Data de-duplication

The recent technological advance called data de-duplication is an enabling technology that is fundamentally changing the economics of disk storage and data transmission. We have all experienced some benefits from this technology in a primitive form called Single Instance Store (SIS).

SIS means that an exact duplicate of a file is stored in a system in a way where only the first instance is retained. Subsequent instances are stored only as a tiny pointer — using virtually no additional space. Users of Microsoft’s Exchange have, often unknowingly, used this for years when an email attachment is sent to a list of internal recipients.

Only one instance of the attachment is stored in the Exchange database until a user modified their instance in some way. Understandably, this can save considerable space.

This same concept can be extended to the storage of files in a server, and there are a small number of applications that support this (for example EMC Centerra, HP RIS).

However while it is good to remove redundancy of the same files, what about similar files? It is common to have two files where one is a derivation of the other, for example a PPT with a new title slide and a couple of extra slides, a database copy with a subset of rows, a new version of a video or audio file that has an audio overlay in minutes 7-9, or any version-based document that varies from its original only by the five new paragraphs added that day.

In truth, granular data changes within files are frequent across organisations, and technology advances to more efficiently store data are heralded as the new legs to the storage industry; greening data centres through significantly smaller footprints, clearly saving on power and cooling.
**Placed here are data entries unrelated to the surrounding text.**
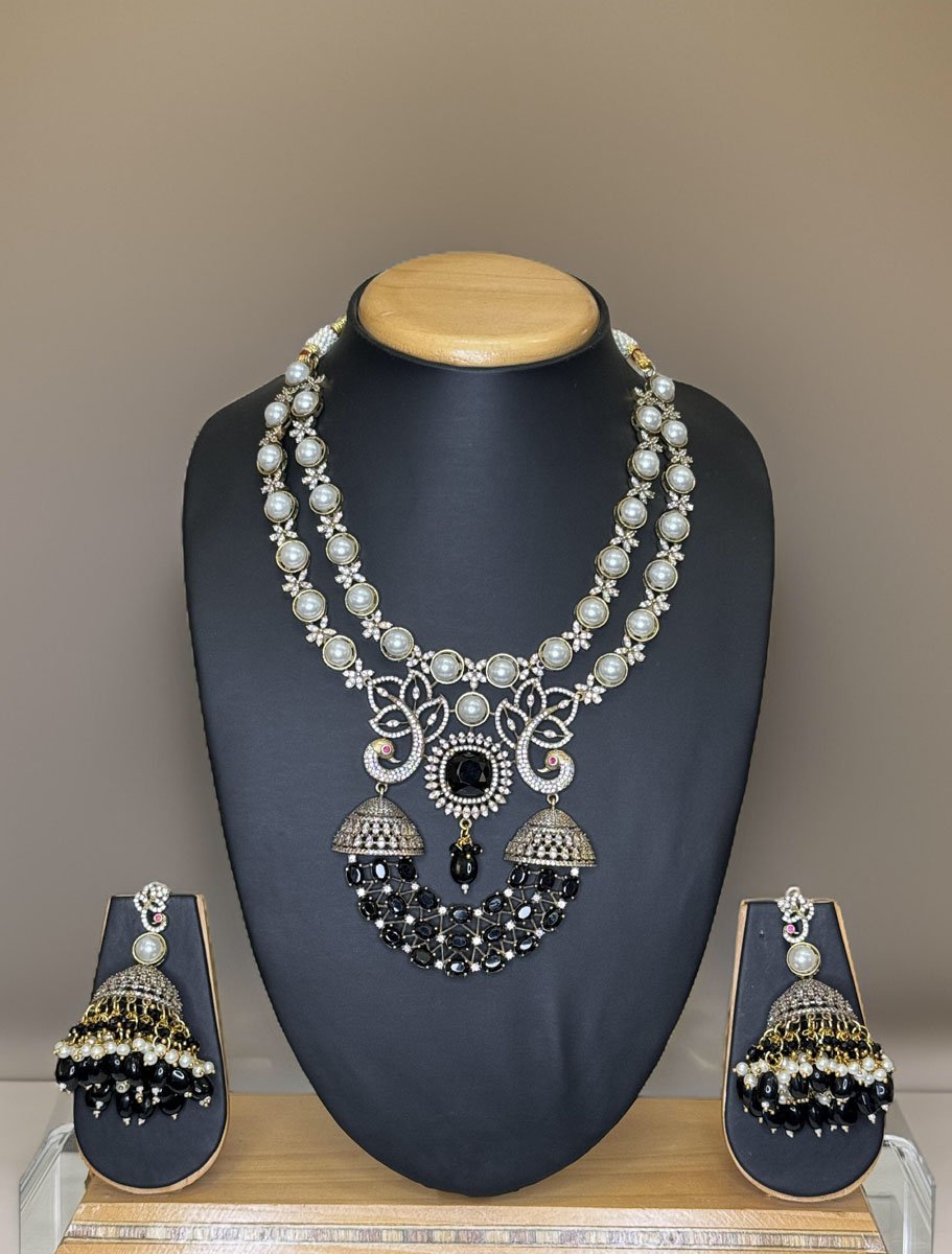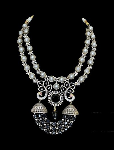 Gorgeous Bollywood Diva Inspired Peacock Carved CZ Pearl Necklace Set
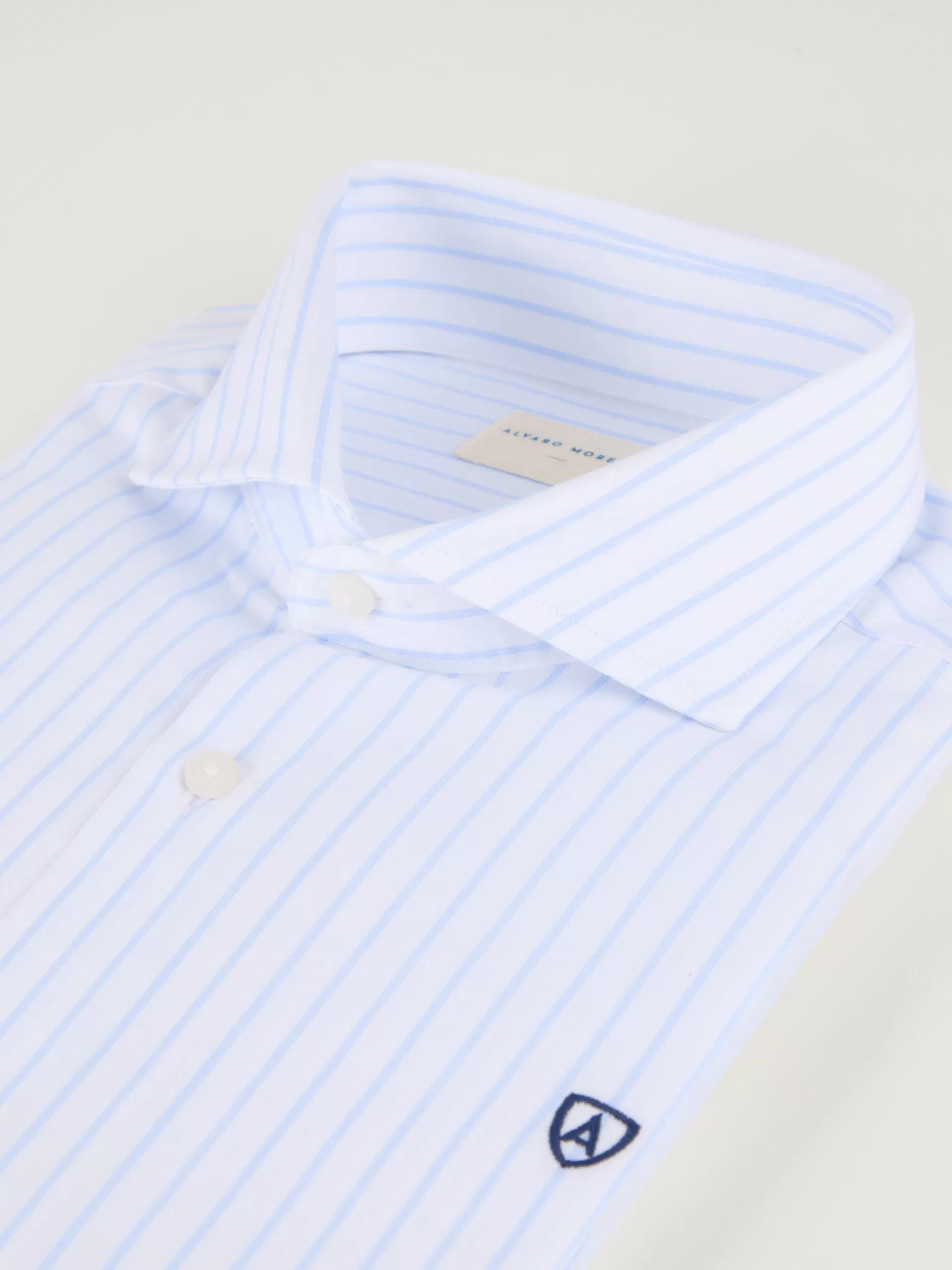 Camisa de vestir a rayas confeccionada en algodón. Cuenta con cuello italiano, manga larga con puños simples y logo de la marca grabado en el frontal. Corte slim fit.
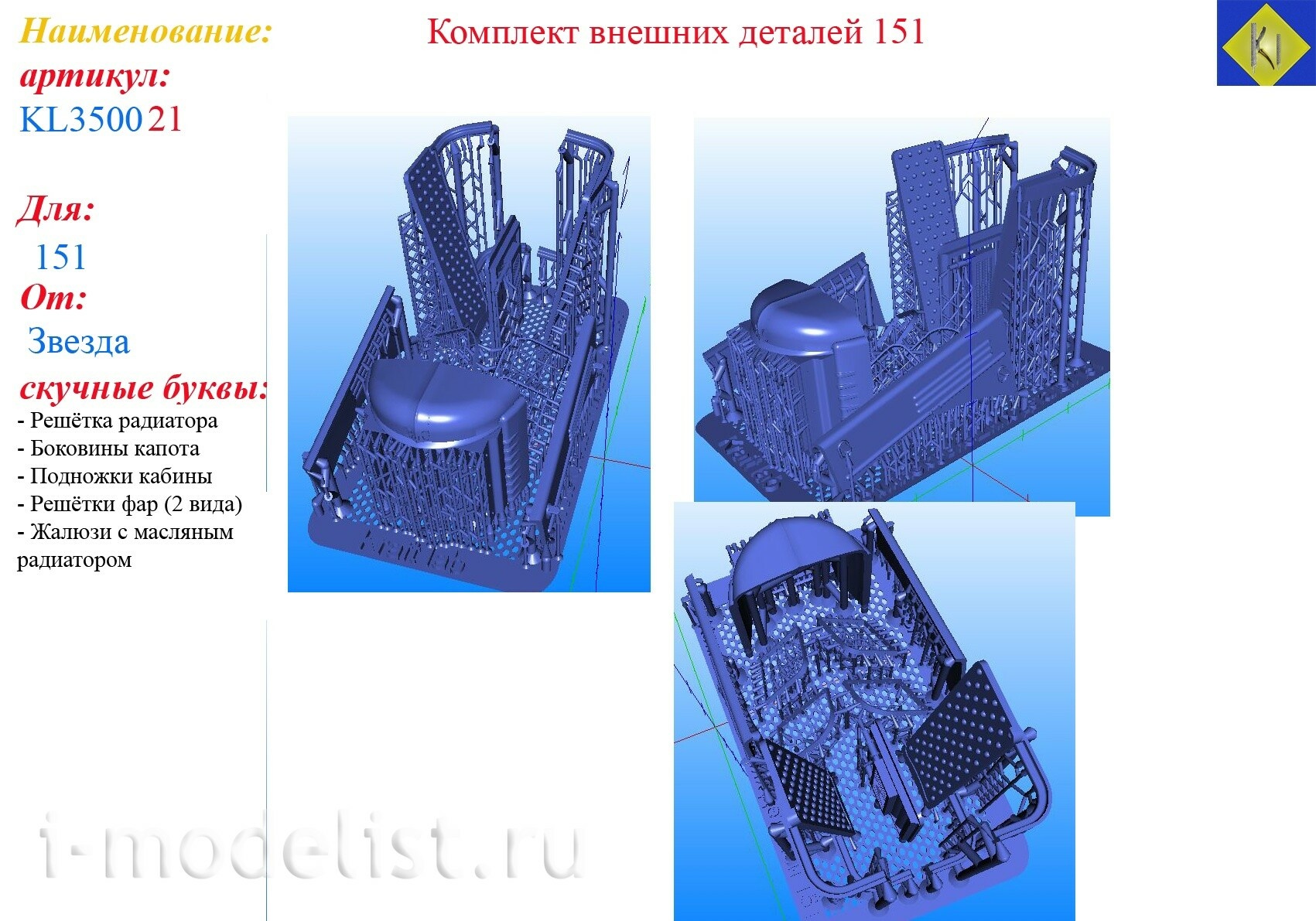 KL350021 Kraft Lab 1/35 Комплект внешних деталей для З-151 (Звезда)
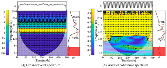 Cross-wavelet transform and wavelet coherence analysis are useful tools for examining the correlation, delay, and phase structure between different signals. In the context of this study, these analyses focused on the relationship between the axial forces on the front and back cover plates within the high-energy region of the time-frequency domain. The figure provides visual representations of these analyses.
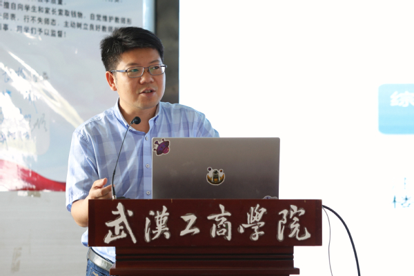 艺术与设计学院院长助理宋盈滨副教授作为优秀教师代表发言,他向全体参训的新进教职工传授了自己的三点教学经验:一是要关爱学生,关注学生成长与发展;二是尊重并激发学生的个性和创造力;三是要终身学习提升自我,积极向前辈请教,不断磨炼自己的专业能力和教学水平。
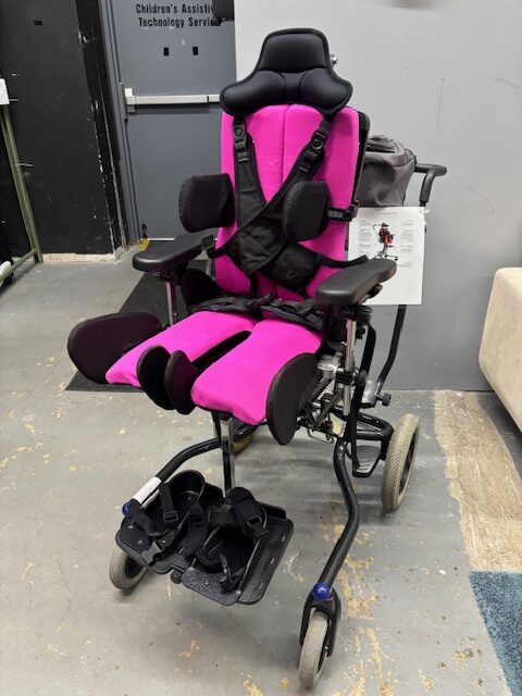 Transit, tilt, recline, seatbelt, hip guides, lateral supports, shoe holders with straps, headrest, chest harness, canopy (not pictured), large outdoor base with 12″ drive wheels and 8″ casters, adjustable hip abduction, no tray
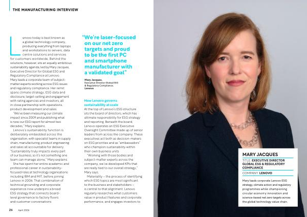 Mary leads corporate Lenovo ESG strategy, climate action and regulatory programmes while championing circular economy innovation and science-based net zero targets across the global technology value chain.
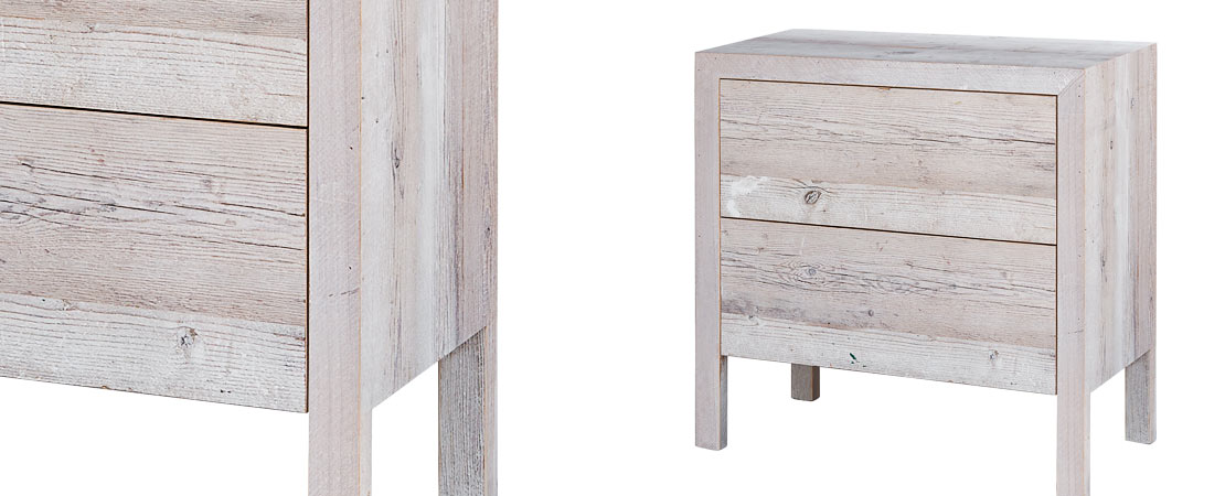 Chest of drawers in reclaimed Fir wood with 2 drawers
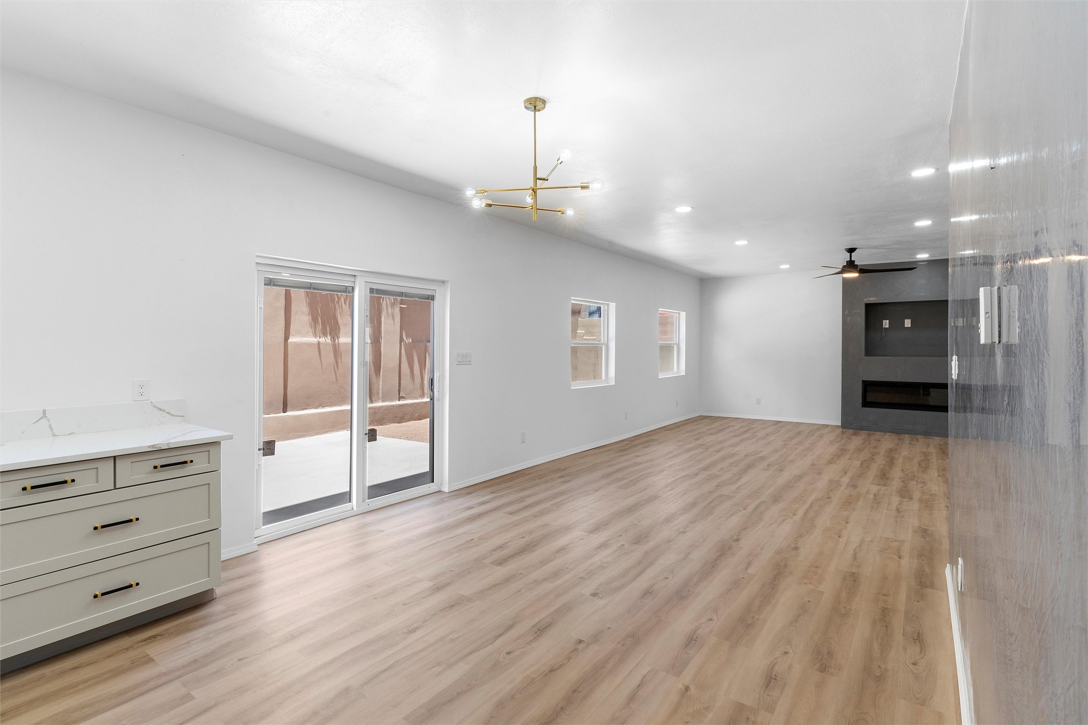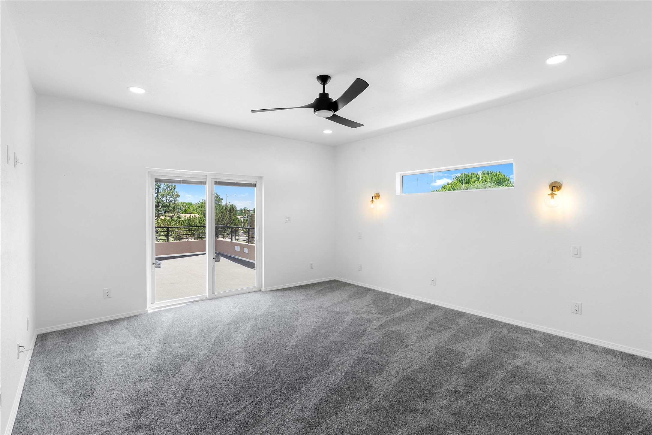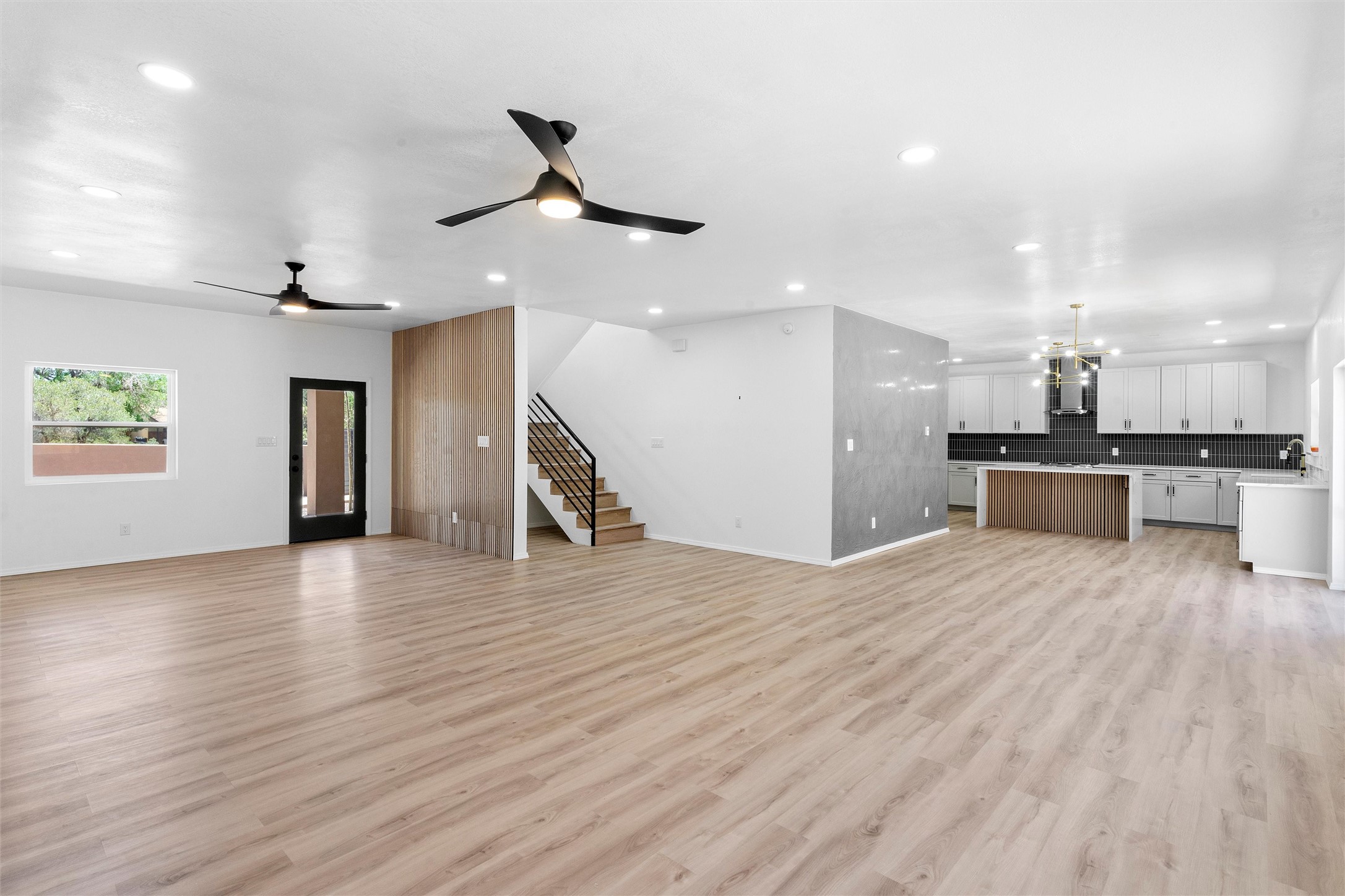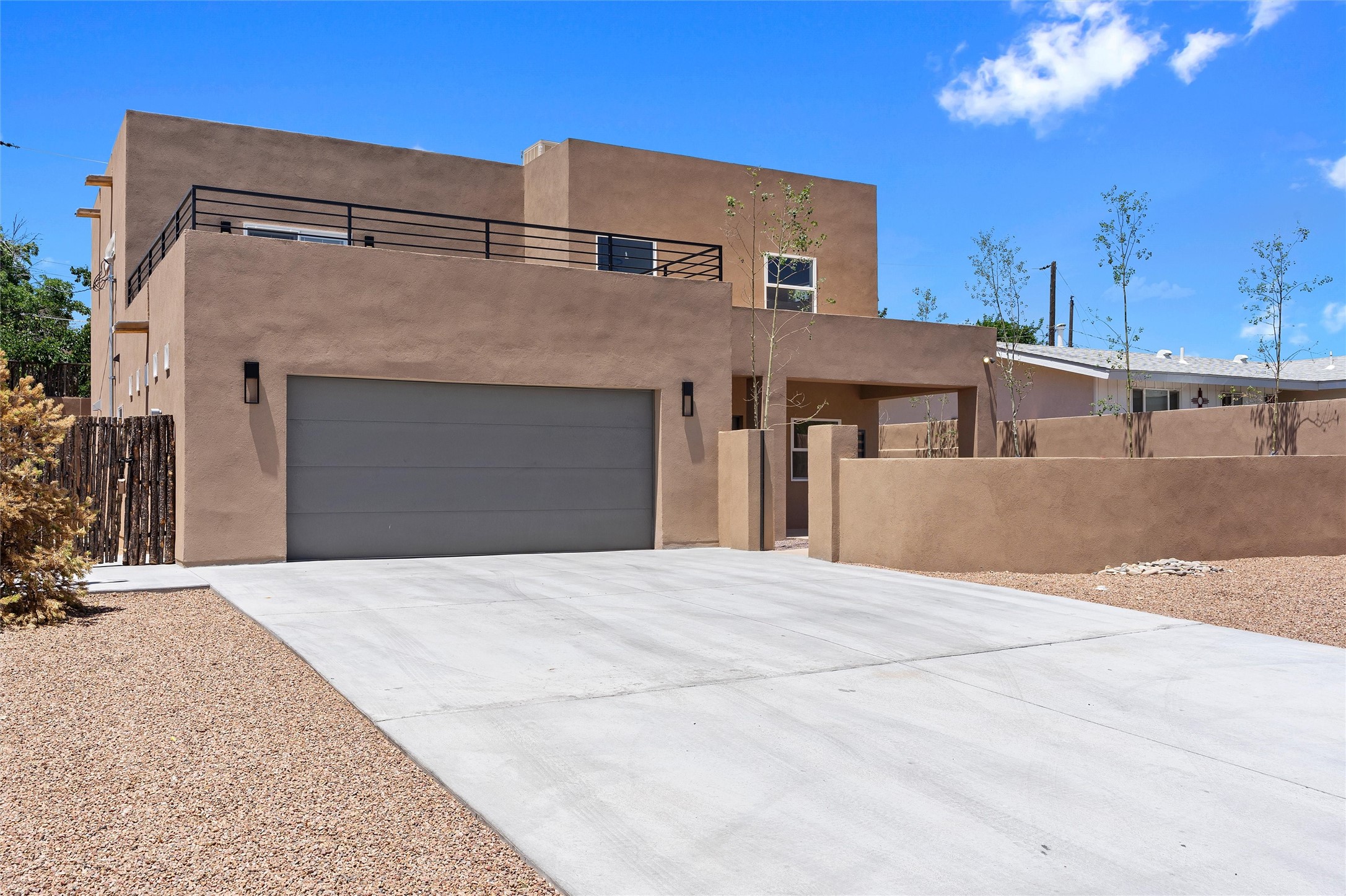 Offered under appraised value, this brand new custom built home presents a unique modern design, offering the perfect home for those seeking a sophisticated and luxurious lifestyle. This 3-bedroom, 2.5-bathroom house, showcases an open-concept layout that effortlessly combines style, functionality, and comfort. Step inside and be greeted by an abundance of natural light, illuminating the sleek lines and clean finishes throughout the home. The spacious living area serves as the centerpiece of the home and the carefully designed kitchen is a culinary enthusiast's dream, featuring stunning cabinetry, a walk-in pantry, quartz countertops and a large functional island for both meal preparation and casual dining. The chic primary bedroom offers a large walkout balcony with mountain views, walk-in closet, and an en-suite with a soaking tub, standing shower, and double sinks, which all together creates the perfect retreat to rejuvenate and recharge. Outside, the property features well manicured landscaping in the front and side yards and high privacy walls surround the home. The house is centrally located, offering convenient access to all Santa Fe has to offer. Don't miss this rare opportunity to own a new construction, modern masterpiece in Santa Fe.

To break data apart and down into granular chunks, much smaller than individual files means some advanced analytics into the natural boundaries inherent within data structures, identifying them in a repeatable and consistent way, across multiple contexts. For example, an element of a JPEG image versus that same image element when embedded into a PPT or Word document. Such algorithms need to consistently find the same patterns to be of value. This is the true definition of data de-duplication.

The most obvious initial deployment of such a technology was the area of backup and recovery. This was because of some key business drivers:
1. Compliance, recovery service levels and improved best practice standards are mandating more and faster data recovery points
2. Users are looking to move more toward disk-based backup and recovery (and de-duplication is a essentially a disk-based technology)
3. Importantly, backup and recovery is a highly repetitive and high-profile systems management function, and lends itself to de-duplication with the best returns.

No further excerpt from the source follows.